What you have to do — From the records below, please print only the lines from the one containing "Ve Nilüfer Belediyesi…" through the one containing "worker installing new", both included. Skip the pictures.

Records supplied —
##############################
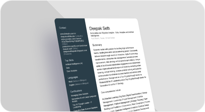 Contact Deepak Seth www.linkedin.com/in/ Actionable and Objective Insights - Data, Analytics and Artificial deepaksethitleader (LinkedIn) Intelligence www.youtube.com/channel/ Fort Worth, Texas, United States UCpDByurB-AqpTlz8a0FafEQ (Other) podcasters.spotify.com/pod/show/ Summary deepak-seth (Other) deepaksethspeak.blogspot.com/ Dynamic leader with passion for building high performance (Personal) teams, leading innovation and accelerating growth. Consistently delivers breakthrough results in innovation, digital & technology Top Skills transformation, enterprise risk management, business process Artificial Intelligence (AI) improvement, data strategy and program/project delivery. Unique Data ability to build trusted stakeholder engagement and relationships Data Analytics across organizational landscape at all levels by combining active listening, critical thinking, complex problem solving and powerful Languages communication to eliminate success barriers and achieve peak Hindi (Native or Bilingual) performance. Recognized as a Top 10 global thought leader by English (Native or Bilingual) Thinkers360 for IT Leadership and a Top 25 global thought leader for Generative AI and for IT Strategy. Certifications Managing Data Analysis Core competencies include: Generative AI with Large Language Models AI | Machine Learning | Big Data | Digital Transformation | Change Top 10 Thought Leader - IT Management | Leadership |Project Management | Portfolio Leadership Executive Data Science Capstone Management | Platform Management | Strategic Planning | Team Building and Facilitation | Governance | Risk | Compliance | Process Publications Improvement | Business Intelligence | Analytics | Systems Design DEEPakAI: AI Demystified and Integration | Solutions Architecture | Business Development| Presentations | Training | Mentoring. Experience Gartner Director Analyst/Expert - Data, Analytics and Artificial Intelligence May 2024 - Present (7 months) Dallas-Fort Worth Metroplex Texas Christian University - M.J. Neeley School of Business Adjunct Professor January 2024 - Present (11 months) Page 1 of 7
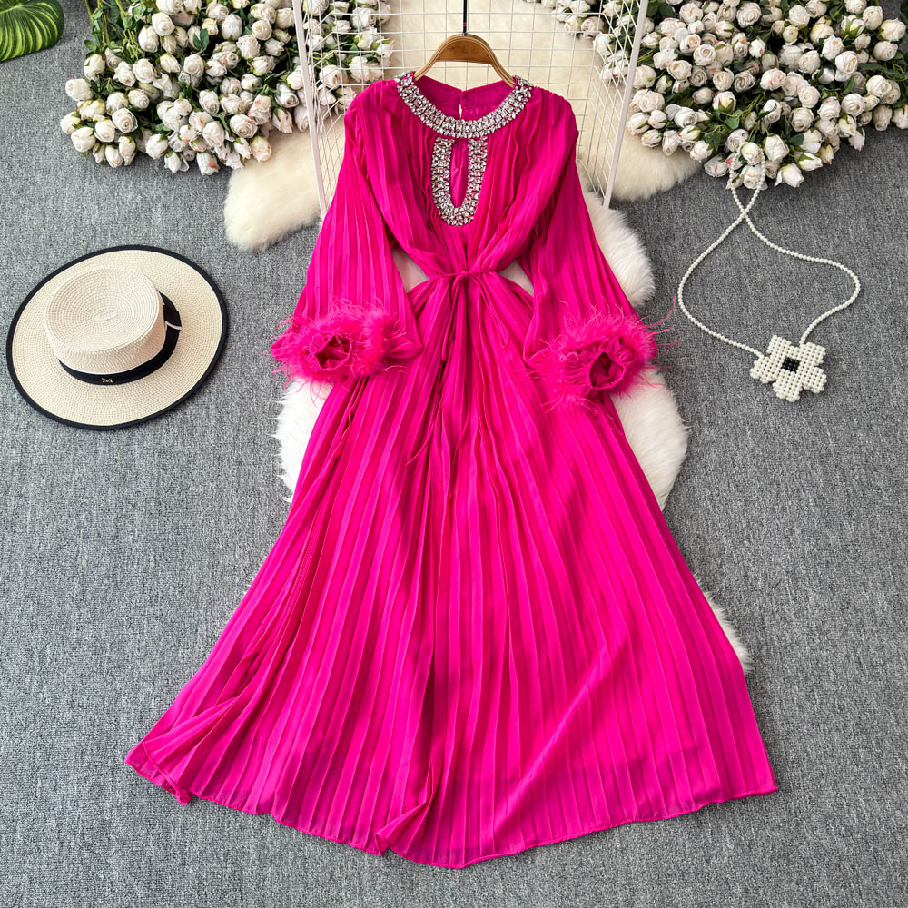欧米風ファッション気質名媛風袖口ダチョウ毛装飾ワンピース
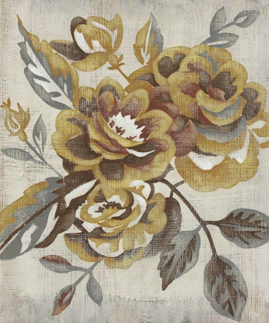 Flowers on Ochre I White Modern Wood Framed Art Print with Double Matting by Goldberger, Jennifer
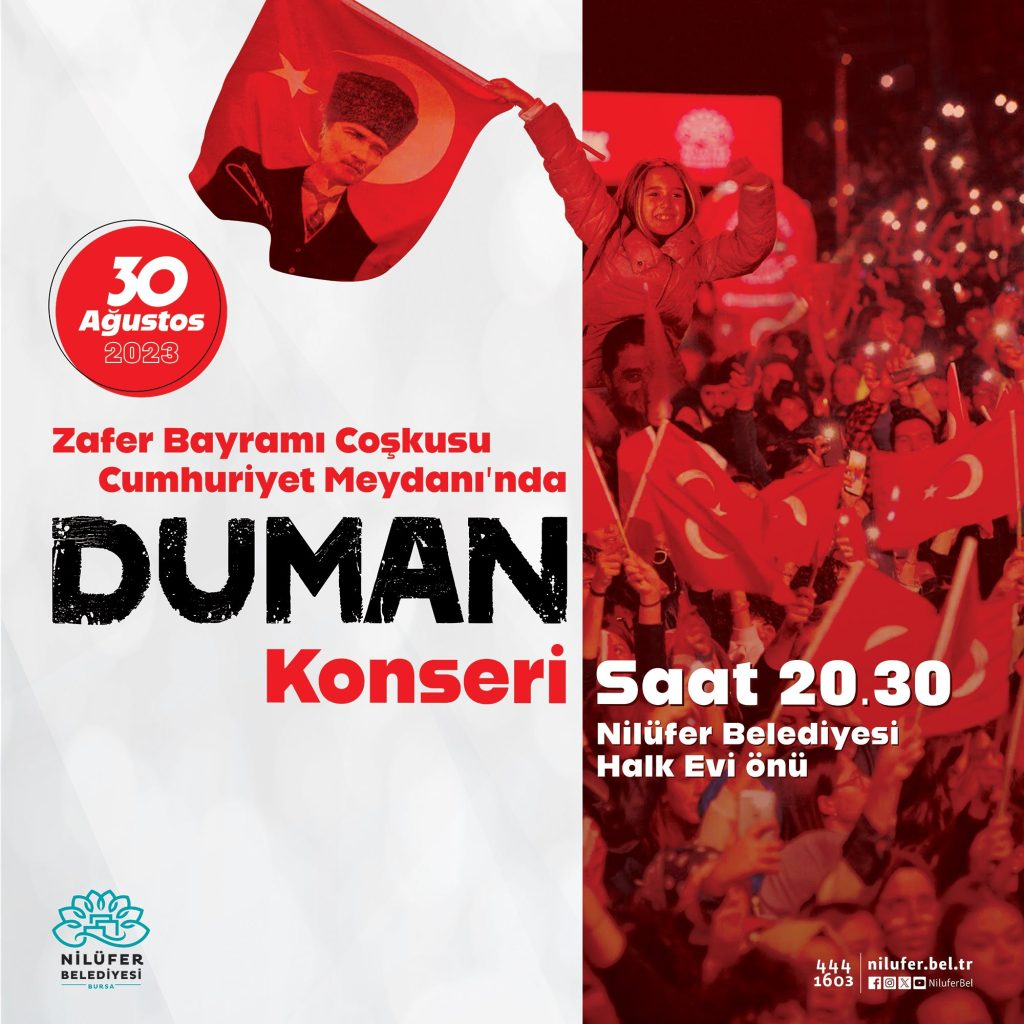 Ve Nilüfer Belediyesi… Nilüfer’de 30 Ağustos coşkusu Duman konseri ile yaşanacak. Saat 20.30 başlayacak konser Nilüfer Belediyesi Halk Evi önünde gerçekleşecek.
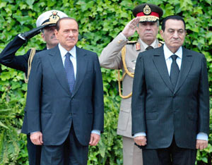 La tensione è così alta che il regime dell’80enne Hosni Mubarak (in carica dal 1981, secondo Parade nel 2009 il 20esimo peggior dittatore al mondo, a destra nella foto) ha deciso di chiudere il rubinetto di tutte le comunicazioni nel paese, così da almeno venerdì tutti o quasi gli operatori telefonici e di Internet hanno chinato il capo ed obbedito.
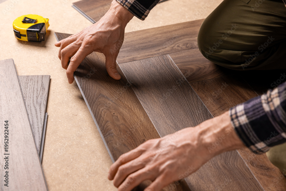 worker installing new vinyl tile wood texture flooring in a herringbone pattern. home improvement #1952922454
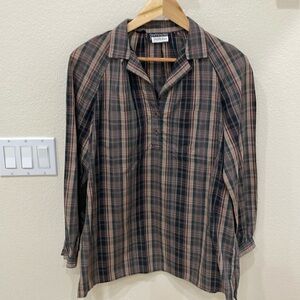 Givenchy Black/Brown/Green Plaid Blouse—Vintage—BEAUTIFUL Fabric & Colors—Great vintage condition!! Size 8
##############################
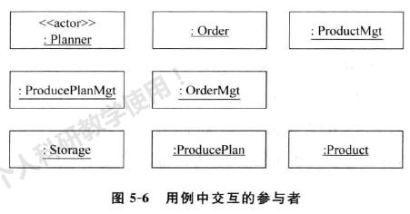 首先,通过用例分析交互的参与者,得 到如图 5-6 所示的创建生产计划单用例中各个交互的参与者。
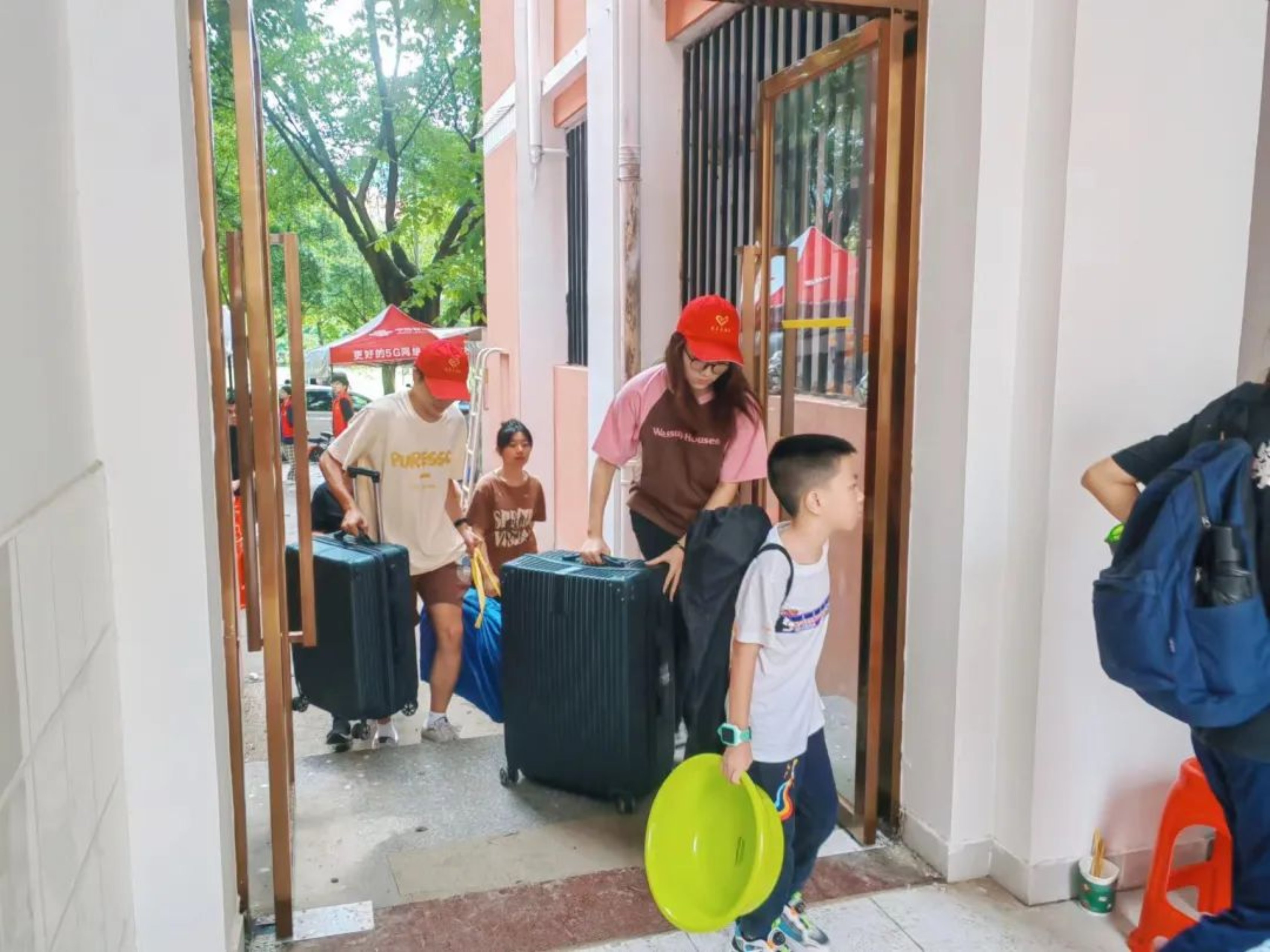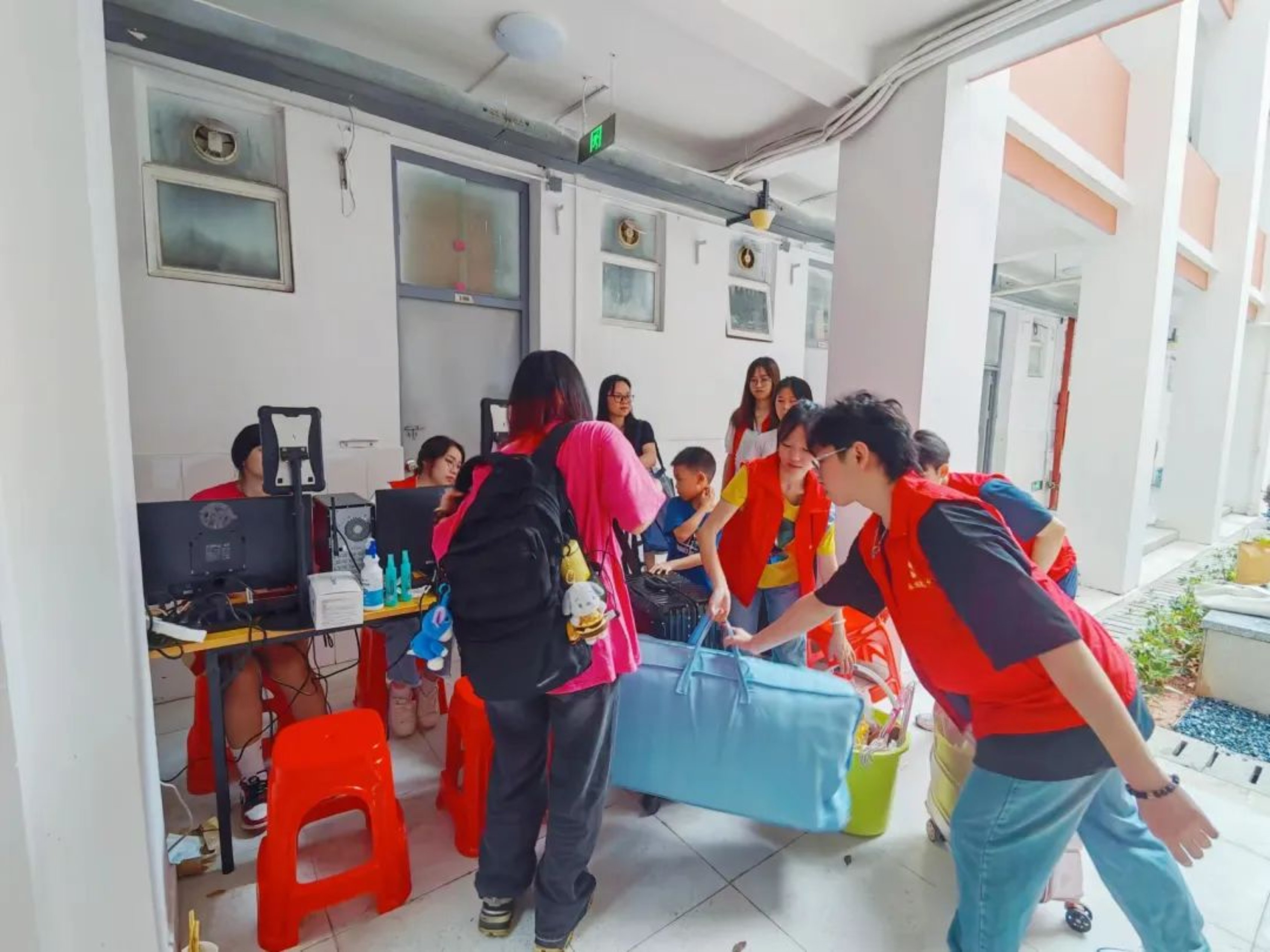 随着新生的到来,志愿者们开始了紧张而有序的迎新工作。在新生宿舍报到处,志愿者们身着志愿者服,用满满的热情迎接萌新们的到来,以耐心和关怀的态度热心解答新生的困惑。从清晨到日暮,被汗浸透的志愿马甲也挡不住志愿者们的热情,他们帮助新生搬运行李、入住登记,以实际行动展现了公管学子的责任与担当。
##############################
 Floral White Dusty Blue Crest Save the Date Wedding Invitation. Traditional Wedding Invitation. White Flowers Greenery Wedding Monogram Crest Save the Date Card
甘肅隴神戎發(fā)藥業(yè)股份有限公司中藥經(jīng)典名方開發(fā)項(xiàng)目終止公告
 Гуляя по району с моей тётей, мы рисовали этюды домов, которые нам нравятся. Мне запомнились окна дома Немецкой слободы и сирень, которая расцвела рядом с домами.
##############################
The completed task —
 Ve Nilüfer Belediyesi… Nilüfer’de 30 Ağustos coşkusu Duman konseri ile yaşanacak. Saat 20.30 başlayacak konser Nilüfer Belediyesi Halk Evi önünde gerçekleşecek.
 La tensione è così alta che il regime dell’80enne Hosni Mubarak (in carica dal 1981, secondo Parade nel 2009 il 20esimo peggior dittatore al mondo, a destra nella foto) ha deciso di chiudere il rubinetto di tutte le comunicazioni nel paese, così da almeno venerdì tutti o quasi gli operatori telefonici e di Internet hanno chinato il capo ed obbedito.
 worker installing new vinyl tile wood texture flooring in a herringbone pattern. home improvement #1952922454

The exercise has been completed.